After finding a small piece of human debris in the nearby river, Rudolf hurries his children back to shore, and we next see black ash being rinsed off in the white porcelain sink back at the house. The film has a segment later during his assignment away from Auschwitz. In one scene, we see Rudolf attending a senior officer ball, replete with elegant chandelier lighting, that is juxtaposed against later witnessing him vomiting alone in a nearby dark stairwell. Could it be that he has begun to internalize his nightmarish duties, or is it related to an earlier scene where he is having an abdominal examination by his military doctor? Please credit Jonathan Glazer for keeping us guessing.
Terrence Malick’s 2019 “A Hidden Life” might be considered the flip side of an atypical Holocaust duet, where, quite similar to “The Zone of Interest,” Jews remain offscreen, and the carnage is kept at arm’s length. Instead, both films dwell on the inner psychic geography of either those involved or those who elect not to be involved. Regarding the act of not signing on, “A Hidden Life” is based upon the true story of Franz Jägerstätter, who was a Catholic Austrian village farmer and a conscientious objector, eventually sentenced to death for his refusal to pledge his allegiance to the Führer.
With its lush alpine dreamscapes, as seen through myriad camera angles and lighting/seasonal variations that are classic Malickian trademarks, Franz and his family may live high above the clouds but not heavenly enough to evade penetrance from the horrors beneath. This is not necessarily the most watchable film after the first forty-five minutes because the final three-quarters of this three-hour film is mostly consumed with highly repetitive torture and trials. Aside from its sole devotion to Franz and his progressive prosecution, “A Hidden Life” does not contain other atrocities, but there is archival footage of speeches, rolling tanks, and flags during the very first frames of the film. Either way, this first forty-five-minute segment is a must-see treatise on moral choice.
Although Franz never wavers in his resolve, we follow his journey in speaking to other villagers whose sporadic sympathy is only expressed in whispers and hushed tones, thus serving as a companion theme of hollow disengagement, just like in “The Zone of Interest.” His priest and then his local bishop urge Franz to both acknowledge the consequences of his decision, as well as the importance of honoring the Fatherland (noting, however, that the historical record underscores the conflicts between Nazism and Catholicism). Soon thereafter, Franz wanders alone into his chapel, sits down, and perhaps he finds some solace in the reflections of the emotionally beleaguered mural painter:
“I paint the tombs of the prophets
I help people look up from those pews and dream
They look up, and they imagine if they lived in Christ’s time, they wouldn’t have done what the others did
They would have murdered those that they now adore …
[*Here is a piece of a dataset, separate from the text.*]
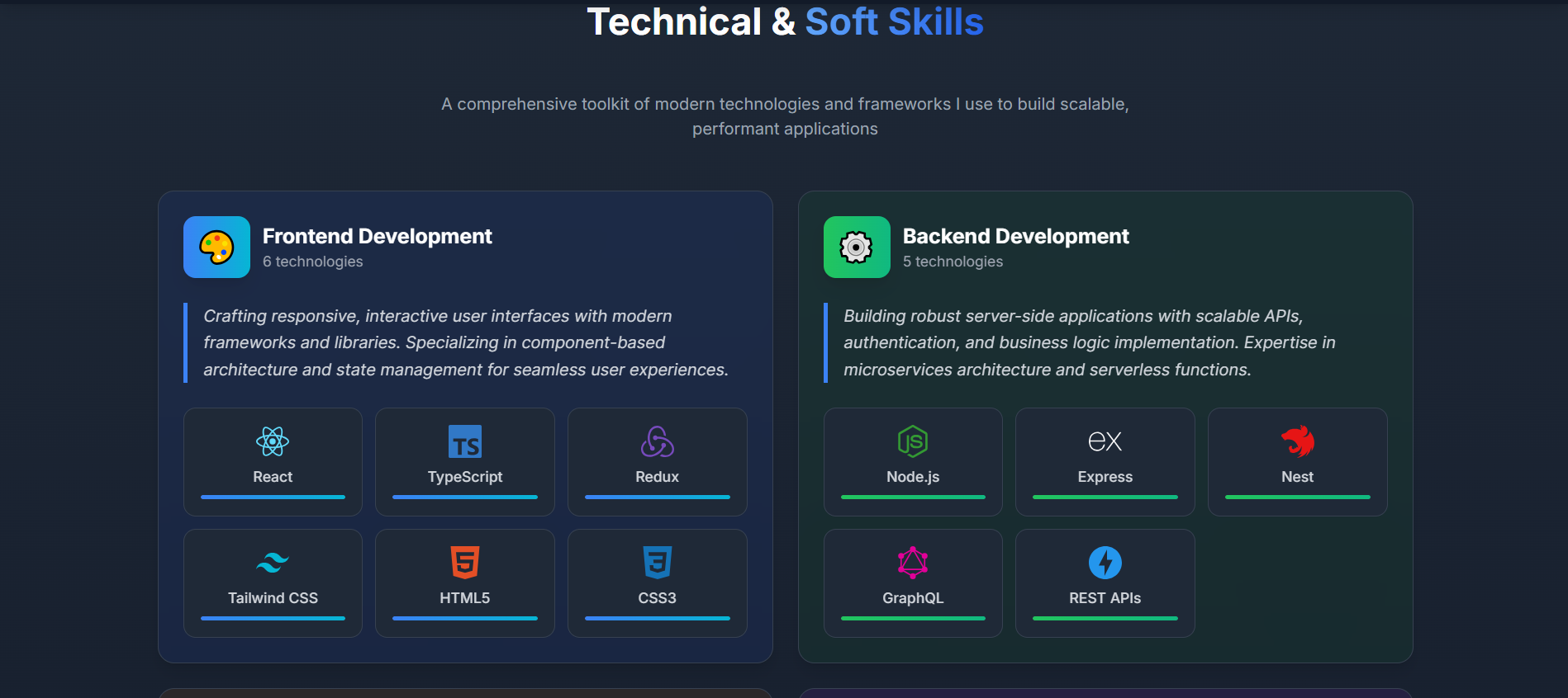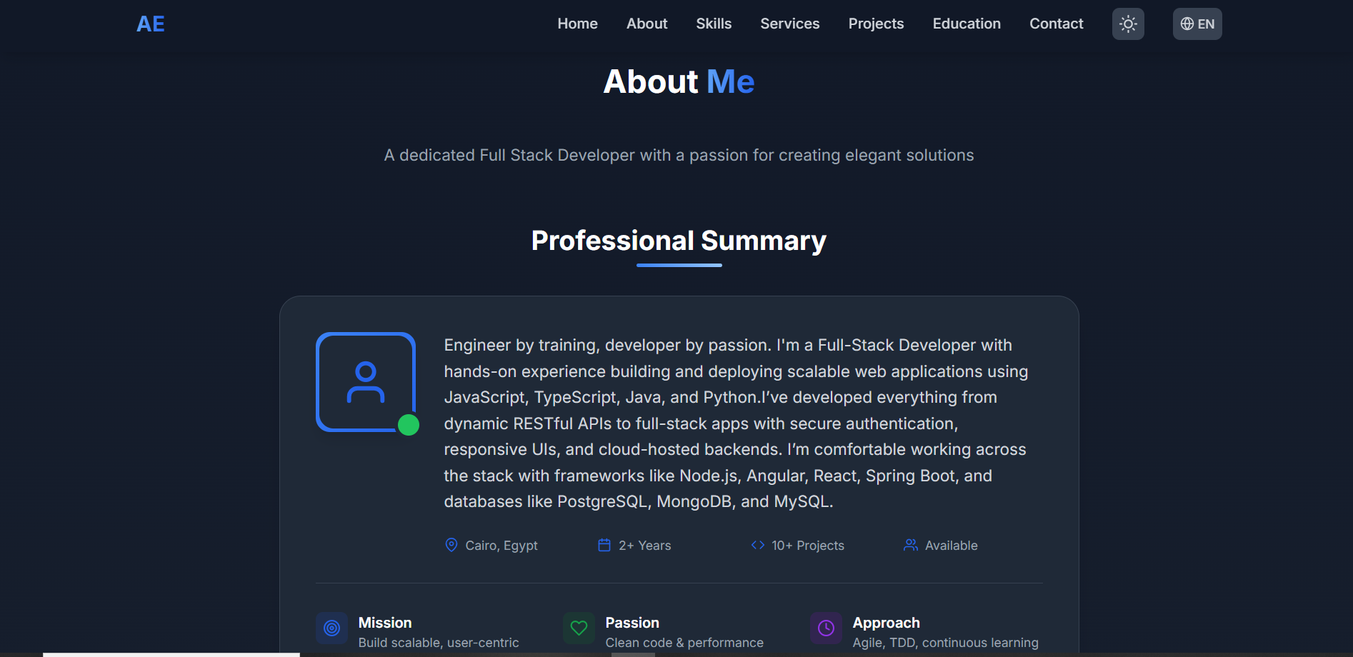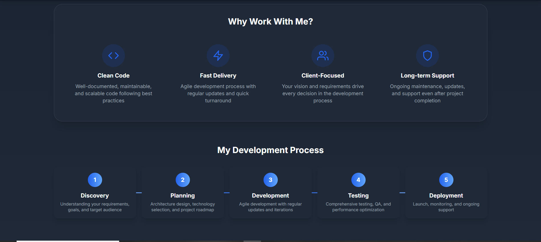 الموقع يعكس هويتي كمطور Full Stack، ويعرض المشاريع بشكل منظم وجذاب يساعد العملاء على استكشاف أعمالي بسهولة.

What we do is just create sympathy
We create admirers …
They won’t fight the truth
They’ll just ignore it.”
After you see “The Zone of Interest,” these words will be even more devastating when we realize how much the painter’s plea never seems outdated. Has our epidemic of excessive adoration irreversibly disrupted our rightful habitat of measured appreciation and balanced judgment? Please say it isn’t so.